The $700 million joint venture was announced early in 2025.
The purpose of the business vehicle was to improve business processes.
A JV spokesperson told the ABC, "… we spoke with the Telstra Accenture Data & AI Joint Venture (JV) team today about proposed changes to its workforce, including reducing roles where work is no longer needed, and moving some work to the JV team in India."
"These changes would see the JV use Accenture's global capabilities, advanced AI expertise and specialist hub in India to deliver Telstra's data and AI roadmap more quickly."
It is unclear how many jobs in the JV are set to be moved to India.
In July 2025, Telstra announced it would reduce headcount by 550 Telstra Enterprise employees.
"These changes are largely driven by the ongoing reset of our Telstra Enterprise business, as well as improvements to the structure and processes of other teams across our organisation," Telstra said at the time.
The telco was clear these redundancies were not related to its investment in artificial intelligence.
The JV spokesperson told the ABC that the 209 jobs were under consideration and the final number of redundancies could be less than that.
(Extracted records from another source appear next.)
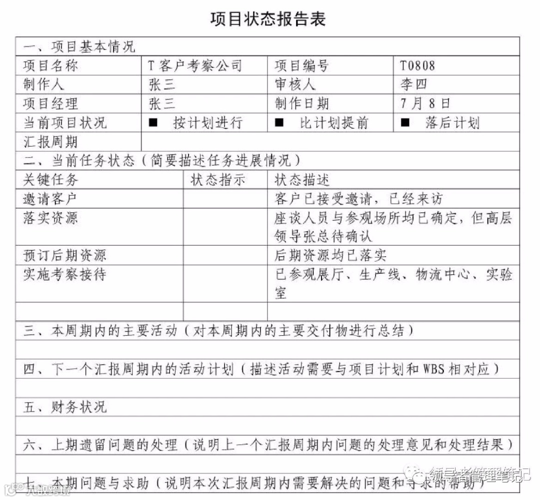 定期地、主动地向公司、甲方汇报项目的实施状态这就是《项目状态报告表》。
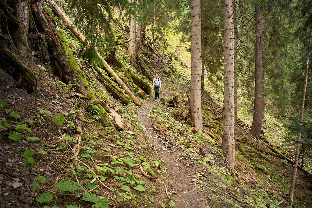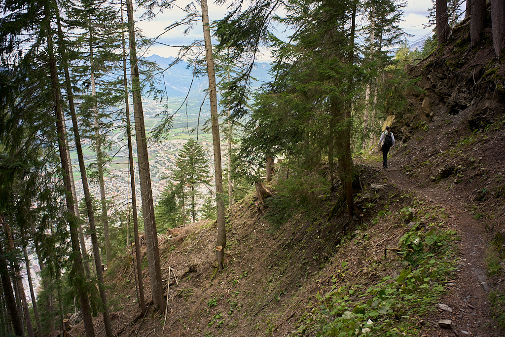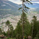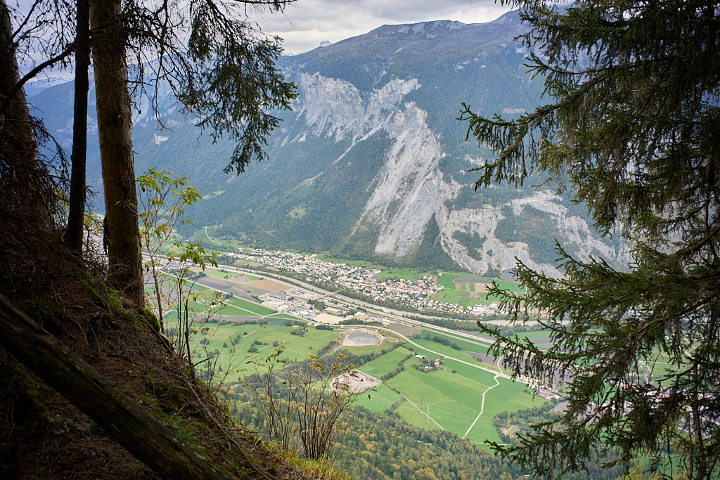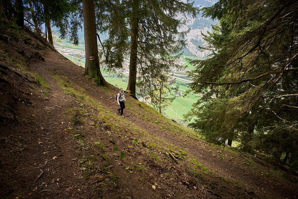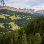 Wir stiegen auf einem schönen Wanderweg durch den Schwarzwald zur Zwischenstation der Seilbahn bei Känzeli ab. Unterwegs konnte man zwischen den Bäumen immer wieder auf die Stadt Chur hinunterschauen. Interessant war, wie gross die Stadt aus der Nähe erscheint, wenn man sich in ihr befindet, wie klein und überschaubar sie aber von oben aussieht. Von Känzeli ging es dann auf einer Waldstrasse wieder zurück zur Postautostelle nach Malix.
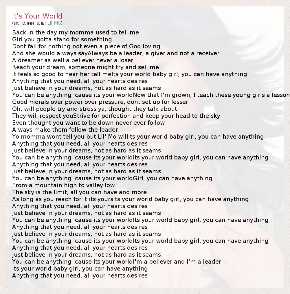 Back in the day my momma used to tell me Girl you gotta stand for something Dont fall for nothing not even a piece of God loving And she would always sayAlways be a leader, a giver and not a receiver A dreamer as well a believer never a loser Reach your dream, someone might try and sell me It feels so good to hear her tell meIts your world baby girl, you can have anything Anything that you need, all your hearts desires Just believe in your dreams, not as hard as it seams You can be anything 'cause its your worldNow that I'm grown, I teach these young girls a lesson Good morals over power over pressure, dont set up for lesser Oh, will people try and stress ya, thought they talk about They will respect youStrive for perfection and keep your head to the sky Even thought you want to be down never ever follow Always make them follow the leader Yo momma wont tell you but Lil' Mo willIts your world baby girl, you can have anything Anything that you need, all your hearts desires Just believe in your dreams, not as hard as it seams You can be anything 'cause its your worldIts your world baby girl, you can have anything Anything that you need, all your hearts desires Just believe in your dreams, not as hard as it seams You can be anything 'cause its your worldGirl, you can have anything From a mountain high to valley low The sky is the limit, all you can have and more As long as you reach for it its yoursIts your world baby girl, you can have anything Anything that you need, all your hearts desires Just believe in your dreams, not as hard as it seams You can be anything 'cause its your worldIts your world baby girl, you can have anything Anything that you need, all your hearts desires Just believe in your dreams, not as hard as it seams You can be anything 'cause its your worldIts your world baby girl, you can have anything Anything that you need, all your hearts desires Just believe in your dreams, not as hard as it seams You can be anything 'cause its your worldI'm a believer and I'm a leader Its your world baby girl, you can have anything Anything that you need, all your hearts desires
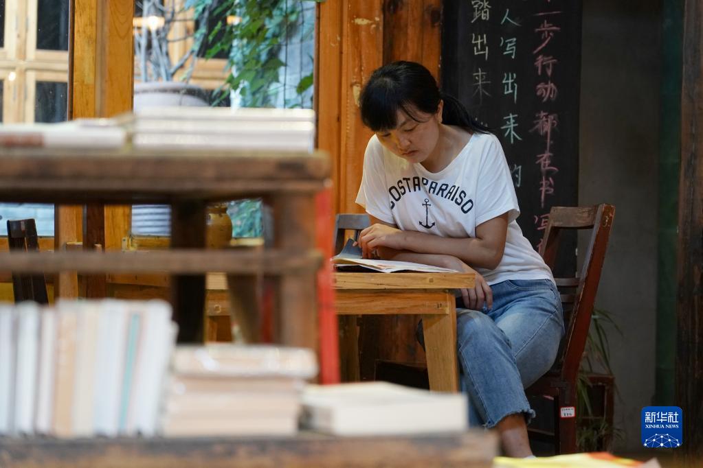 一名游客在留壩縣城老街上的一家書屋內讀書(2020年9月3日攝)。

If the changes proceed, the spokesperson said the organisation, "… will support affected team members to find redeployment opportunities either at Telstra or at Accenture where possible, or provide access to our leading career transition program and retrenchment benefits."
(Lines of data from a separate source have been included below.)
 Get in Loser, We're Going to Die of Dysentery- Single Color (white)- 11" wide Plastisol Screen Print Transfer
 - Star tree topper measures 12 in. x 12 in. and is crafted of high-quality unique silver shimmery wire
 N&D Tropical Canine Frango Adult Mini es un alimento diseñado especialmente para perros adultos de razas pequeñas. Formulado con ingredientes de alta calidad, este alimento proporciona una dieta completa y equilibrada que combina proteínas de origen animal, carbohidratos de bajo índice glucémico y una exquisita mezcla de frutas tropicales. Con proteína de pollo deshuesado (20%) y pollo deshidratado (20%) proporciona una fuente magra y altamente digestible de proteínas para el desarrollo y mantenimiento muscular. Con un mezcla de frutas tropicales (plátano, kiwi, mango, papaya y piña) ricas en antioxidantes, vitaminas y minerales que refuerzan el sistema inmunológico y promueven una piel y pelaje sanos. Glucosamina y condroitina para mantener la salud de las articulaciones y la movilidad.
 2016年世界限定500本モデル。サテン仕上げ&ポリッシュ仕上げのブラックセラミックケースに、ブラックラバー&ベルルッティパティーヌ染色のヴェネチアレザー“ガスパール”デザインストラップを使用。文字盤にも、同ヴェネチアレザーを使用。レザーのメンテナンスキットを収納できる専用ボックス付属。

Independent telecommunications analyst, Paul Budde, said: "Commercial pressure is forcing telecoms companies with flat revenues to cut costs.
"AI and foreign labour are two obvious tools they can use [to achieve this].
"The question isn’t whether Telstra is investing in AI — it clearly is — but where the enduring expertise, operational control and decision-making actually sit once the build phase is over."
In other words, there will be roles in the start-up phase of the joint venture that will, by nature, become redundant once the JV reaches a certain growth stage.
"That distinction matters if Australia wants AI investments to strengthen local capability rather than primarily improve cost efficiency through global delivery models," Mr Budde said.